DESCRIPTION OF DRAWINGS
An examplary embodiment of a pneumatic impact tool according to
this invention is shown in the accompanying drawings wherein
FIG. 1 is a general schematic outline of a pneumatic impact tool in
a partial, longitudinal, cross-sectional view;
FIG. 2 is a pneumatic impact hammer shown in partial cross
sectional view; and
FIG. 3 is a detailed view of the distributing means of the pressure
medium in longitudinal section of the tool illustrated in FIGS. 1
and 2.
DESCRIPTION OF PREFERRED EMBODIMENT
The working cylinder 1 of the tool is arranged as a dilatation
cylinder, composed of a reaction part 2 and a guiding part 3. A
piston 4 is slidingly arranged in this working cylinder 1. Both the
reaction part 2 and the guiding part 3 are slidingly supported in a
body 8. Each of these parts 2 and 3 is individually cushioned with
respect to the body 8 by prestressed springs 9 and 10 respectively.

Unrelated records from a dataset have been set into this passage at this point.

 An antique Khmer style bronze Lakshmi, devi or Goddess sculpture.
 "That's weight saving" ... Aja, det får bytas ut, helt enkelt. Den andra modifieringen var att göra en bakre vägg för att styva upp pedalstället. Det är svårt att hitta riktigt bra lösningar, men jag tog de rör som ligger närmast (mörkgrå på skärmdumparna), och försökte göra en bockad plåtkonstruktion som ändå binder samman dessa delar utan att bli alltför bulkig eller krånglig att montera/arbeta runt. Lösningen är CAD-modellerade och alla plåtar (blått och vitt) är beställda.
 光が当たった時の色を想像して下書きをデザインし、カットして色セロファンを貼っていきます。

The body 8 itself is slidingly supported in a casing 5 and
cushioned with respect to this casing 5 by a prestressed spring 11.

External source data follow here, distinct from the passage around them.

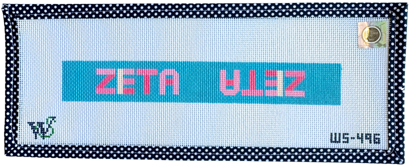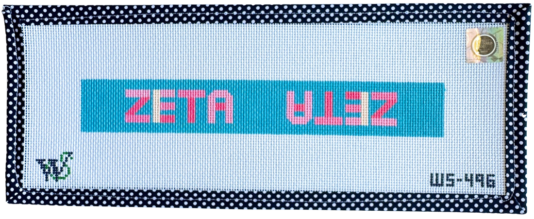 Hand-painted on 13 mesh Zweitgart canvas, the design measures approximately 9.5" wide by 1.5" tall. Perfect for a beginner-level project.
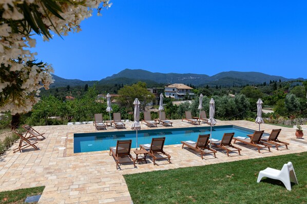 It has a wonderful private and gated garden overlooking the Corfu hills with free-safe parking 1.000 square meters
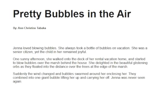 I am thrilled to have my drabble “Pretty Bubbles in the Air” published by The World of Myth Magazine. Thank you, editor Stephanie J. Bardy.
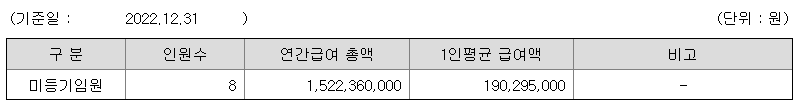 미등기임원의 평균연봉은 1억 9029만원이고 직원수는 8명입니다.

The casing 5 is provided with a handle 6. A bearing ring 12 is
arranged between the guiding part 3 and the body 8 and a similar
bearing ring 13 between the body 8 and the casing 5. The guiding
part 3 has on its lower external part a thread for an extension 16,
which together with a bearing ring 14 limits the hub of the working
tool 7, slidingly arranged in the guiding part 3 and in the
extension 16. The prestressed springs 9, 10, 11 create in the
neutral position between the reaction part 2 and the front surface
of the cavity in the casing 5 a damping space 15. An inlet opening
18 for pressurized air is provided near the top of the reaction
part 2, as indicated schematically in FIG. 1. A similar inlet
opening 19 is near the bottom of the guiding part 3 of the working
cylinder 4. An opening 20 corresponding to opening 18 is provided
in the body 8. An air escapes from the top or bottom part of the
working cylinder through the gap 21 between the reaction part 2 and
the guiding part 3 in the lower or upper extreme position of piston
4. Corresponding openings are provided in the casing 5, in FIG. 2.
They have been omitted in order not to complicate the drawing.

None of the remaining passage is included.